» **Brief**
Only these lines of the data below are wanted: the one with "Esimen Oculus Quest", the one with "Discursos parlamentarios de", and any lines between them, each repeated exactly.

» **Stored records**

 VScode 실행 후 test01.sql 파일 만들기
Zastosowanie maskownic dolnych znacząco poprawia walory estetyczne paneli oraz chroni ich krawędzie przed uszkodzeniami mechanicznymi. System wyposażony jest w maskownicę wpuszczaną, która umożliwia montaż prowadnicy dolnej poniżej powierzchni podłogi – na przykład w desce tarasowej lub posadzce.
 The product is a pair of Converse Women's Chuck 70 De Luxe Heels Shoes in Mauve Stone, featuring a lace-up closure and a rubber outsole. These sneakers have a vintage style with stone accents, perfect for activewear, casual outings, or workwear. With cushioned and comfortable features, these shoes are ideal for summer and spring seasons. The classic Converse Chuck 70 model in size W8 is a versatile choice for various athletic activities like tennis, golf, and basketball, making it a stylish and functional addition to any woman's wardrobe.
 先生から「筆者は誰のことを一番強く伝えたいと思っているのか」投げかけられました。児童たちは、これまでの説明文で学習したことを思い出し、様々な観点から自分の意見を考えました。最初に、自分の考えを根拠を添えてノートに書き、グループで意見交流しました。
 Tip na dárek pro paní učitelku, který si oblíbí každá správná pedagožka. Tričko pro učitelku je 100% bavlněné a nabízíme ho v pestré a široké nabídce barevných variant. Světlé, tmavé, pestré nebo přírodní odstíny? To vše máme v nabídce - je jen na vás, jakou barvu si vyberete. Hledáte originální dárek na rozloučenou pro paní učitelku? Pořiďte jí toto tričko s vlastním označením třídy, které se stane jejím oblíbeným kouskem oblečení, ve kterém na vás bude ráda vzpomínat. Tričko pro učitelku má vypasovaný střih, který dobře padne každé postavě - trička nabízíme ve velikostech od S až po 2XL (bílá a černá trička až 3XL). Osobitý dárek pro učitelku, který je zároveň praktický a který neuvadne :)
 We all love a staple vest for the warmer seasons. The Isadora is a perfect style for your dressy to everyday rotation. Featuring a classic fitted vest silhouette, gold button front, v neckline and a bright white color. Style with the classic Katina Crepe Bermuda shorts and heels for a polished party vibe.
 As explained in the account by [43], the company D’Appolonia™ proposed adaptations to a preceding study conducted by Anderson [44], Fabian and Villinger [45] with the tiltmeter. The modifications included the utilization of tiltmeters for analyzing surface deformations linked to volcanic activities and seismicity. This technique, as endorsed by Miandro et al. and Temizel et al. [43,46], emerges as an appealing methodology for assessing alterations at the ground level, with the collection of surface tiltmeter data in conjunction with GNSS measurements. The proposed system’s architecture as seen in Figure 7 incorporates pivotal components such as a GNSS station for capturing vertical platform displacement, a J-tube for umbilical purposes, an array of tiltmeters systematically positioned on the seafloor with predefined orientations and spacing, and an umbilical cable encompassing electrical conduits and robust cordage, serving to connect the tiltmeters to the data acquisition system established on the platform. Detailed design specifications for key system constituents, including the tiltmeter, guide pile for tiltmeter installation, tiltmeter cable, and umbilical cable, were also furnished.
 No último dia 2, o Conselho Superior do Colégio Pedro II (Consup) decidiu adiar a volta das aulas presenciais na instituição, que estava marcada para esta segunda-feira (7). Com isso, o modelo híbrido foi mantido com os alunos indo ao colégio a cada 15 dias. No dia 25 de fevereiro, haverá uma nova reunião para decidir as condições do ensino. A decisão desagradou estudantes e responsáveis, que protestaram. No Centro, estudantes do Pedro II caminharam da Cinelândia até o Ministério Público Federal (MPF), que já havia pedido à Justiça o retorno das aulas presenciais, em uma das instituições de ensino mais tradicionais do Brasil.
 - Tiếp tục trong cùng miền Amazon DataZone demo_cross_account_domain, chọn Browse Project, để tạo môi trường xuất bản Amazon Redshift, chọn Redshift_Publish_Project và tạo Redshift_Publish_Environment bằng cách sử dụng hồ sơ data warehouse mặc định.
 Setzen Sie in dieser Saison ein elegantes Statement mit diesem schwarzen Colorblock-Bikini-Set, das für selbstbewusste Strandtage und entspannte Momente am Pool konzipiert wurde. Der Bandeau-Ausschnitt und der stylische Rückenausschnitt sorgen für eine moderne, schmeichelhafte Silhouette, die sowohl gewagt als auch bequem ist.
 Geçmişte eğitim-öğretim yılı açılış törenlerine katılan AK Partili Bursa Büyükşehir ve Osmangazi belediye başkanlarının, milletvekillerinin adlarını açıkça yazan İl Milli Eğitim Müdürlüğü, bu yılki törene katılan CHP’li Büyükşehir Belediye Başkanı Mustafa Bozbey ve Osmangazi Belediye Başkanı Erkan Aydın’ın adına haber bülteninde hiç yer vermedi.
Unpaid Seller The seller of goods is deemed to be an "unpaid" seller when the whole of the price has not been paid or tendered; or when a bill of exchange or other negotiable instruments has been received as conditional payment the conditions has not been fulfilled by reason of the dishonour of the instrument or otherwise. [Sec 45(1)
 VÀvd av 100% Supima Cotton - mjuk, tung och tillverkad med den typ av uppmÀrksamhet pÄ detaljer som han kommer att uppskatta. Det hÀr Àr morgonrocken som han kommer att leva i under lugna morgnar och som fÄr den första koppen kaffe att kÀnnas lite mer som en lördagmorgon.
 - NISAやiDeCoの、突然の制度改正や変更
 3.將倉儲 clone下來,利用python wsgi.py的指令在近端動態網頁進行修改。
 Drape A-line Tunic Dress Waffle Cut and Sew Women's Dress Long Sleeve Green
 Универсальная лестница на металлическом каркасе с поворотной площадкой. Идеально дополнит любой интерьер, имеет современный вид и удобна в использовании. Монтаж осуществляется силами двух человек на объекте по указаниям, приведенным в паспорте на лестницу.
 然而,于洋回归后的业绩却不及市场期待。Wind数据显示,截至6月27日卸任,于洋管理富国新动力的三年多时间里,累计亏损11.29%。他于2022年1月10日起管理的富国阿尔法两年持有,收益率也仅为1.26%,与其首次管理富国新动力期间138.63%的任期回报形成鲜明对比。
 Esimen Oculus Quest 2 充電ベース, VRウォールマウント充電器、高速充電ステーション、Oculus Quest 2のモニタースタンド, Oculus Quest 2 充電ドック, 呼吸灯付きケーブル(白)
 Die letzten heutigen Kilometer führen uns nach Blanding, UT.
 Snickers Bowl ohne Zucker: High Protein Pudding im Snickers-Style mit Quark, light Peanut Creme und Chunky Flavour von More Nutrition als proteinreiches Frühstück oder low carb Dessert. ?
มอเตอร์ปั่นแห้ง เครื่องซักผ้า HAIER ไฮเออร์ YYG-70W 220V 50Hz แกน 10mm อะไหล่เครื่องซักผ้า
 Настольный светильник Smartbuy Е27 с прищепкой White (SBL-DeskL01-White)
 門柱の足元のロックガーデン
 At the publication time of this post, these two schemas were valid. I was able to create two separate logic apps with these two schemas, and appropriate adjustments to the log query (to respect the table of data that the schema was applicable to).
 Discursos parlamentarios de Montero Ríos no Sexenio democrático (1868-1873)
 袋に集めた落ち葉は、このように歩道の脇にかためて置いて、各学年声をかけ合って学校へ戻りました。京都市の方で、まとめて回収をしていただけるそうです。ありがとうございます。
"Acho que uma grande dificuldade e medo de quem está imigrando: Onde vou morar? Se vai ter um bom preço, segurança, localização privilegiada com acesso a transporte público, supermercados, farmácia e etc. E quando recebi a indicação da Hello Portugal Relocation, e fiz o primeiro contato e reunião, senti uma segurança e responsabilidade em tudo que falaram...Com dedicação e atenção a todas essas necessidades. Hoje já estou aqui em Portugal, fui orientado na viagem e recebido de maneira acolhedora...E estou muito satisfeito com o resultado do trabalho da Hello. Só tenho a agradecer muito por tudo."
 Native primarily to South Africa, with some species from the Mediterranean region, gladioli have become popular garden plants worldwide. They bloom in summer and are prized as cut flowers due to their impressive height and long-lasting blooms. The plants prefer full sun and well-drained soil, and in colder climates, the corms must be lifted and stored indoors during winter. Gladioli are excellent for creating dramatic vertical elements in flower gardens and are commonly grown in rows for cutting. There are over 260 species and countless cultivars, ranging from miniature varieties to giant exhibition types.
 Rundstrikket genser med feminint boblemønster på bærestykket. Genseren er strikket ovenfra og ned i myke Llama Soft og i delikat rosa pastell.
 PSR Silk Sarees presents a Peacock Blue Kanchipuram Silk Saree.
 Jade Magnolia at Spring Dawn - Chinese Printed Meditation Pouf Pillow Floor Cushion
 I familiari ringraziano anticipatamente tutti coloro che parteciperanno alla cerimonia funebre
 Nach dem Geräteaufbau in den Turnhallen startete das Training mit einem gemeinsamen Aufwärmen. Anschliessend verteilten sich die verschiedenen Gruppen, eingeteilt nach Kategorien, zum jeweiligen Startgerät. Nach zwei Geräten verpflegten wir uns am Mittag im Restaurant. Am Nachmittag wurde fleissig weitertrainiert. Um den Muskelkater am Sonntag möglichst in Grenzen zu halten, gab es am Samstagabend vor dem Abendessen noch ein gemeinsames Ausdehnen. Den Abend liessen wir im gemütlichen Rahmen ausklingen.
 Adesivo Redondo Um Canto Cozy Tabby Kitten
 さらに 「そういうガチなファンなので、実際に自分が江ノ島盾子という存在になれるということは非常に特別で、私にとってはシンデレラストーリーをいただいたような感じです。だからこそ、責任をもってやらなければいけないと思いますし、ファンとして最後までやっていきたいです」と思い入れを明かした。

» **Written answer**
 Esimen Oculus Quest 2 充電ベース, VRウォールマウント充電器、高速充電ステーション、Oculus Quest 2のモニタースタンド, Oculus Quest 2 充電ドック, 呼吸灯付きケーブル(白)
 Die letzten heutigen Kilometer führen uns nach Blanding, UT.
 Snickers Bowl ohne Zucker: High Protein Pudding im Snickers-Style mit Quark, light Peanut Creme und Chunky Flavour von More Nutrition als proteinreiches Frühstück oder low carb Dessert. ?
มอเตอร์ปั่นแห้ง เครื่องซักผ้า HAIER ไฮเออร์ YYG-70W 220V 50Hz แกน 10mm อะไหล่เครื่องซักผ้า
 Настольный светильник Smartbuy Е27 с прищепкой White (SBL-DeskL01-White)
 門柱の足元のロックガーデン
 At the publication time of this post, these two schemas were valid. I was able to create two separate logic apps with these two schemas, and appropriate adjustments to the log query (to respect the table of data that the schema was applicable to).
 Discursos parlamentarios de Montero Ríos no Sexenio democrático (1868-1873)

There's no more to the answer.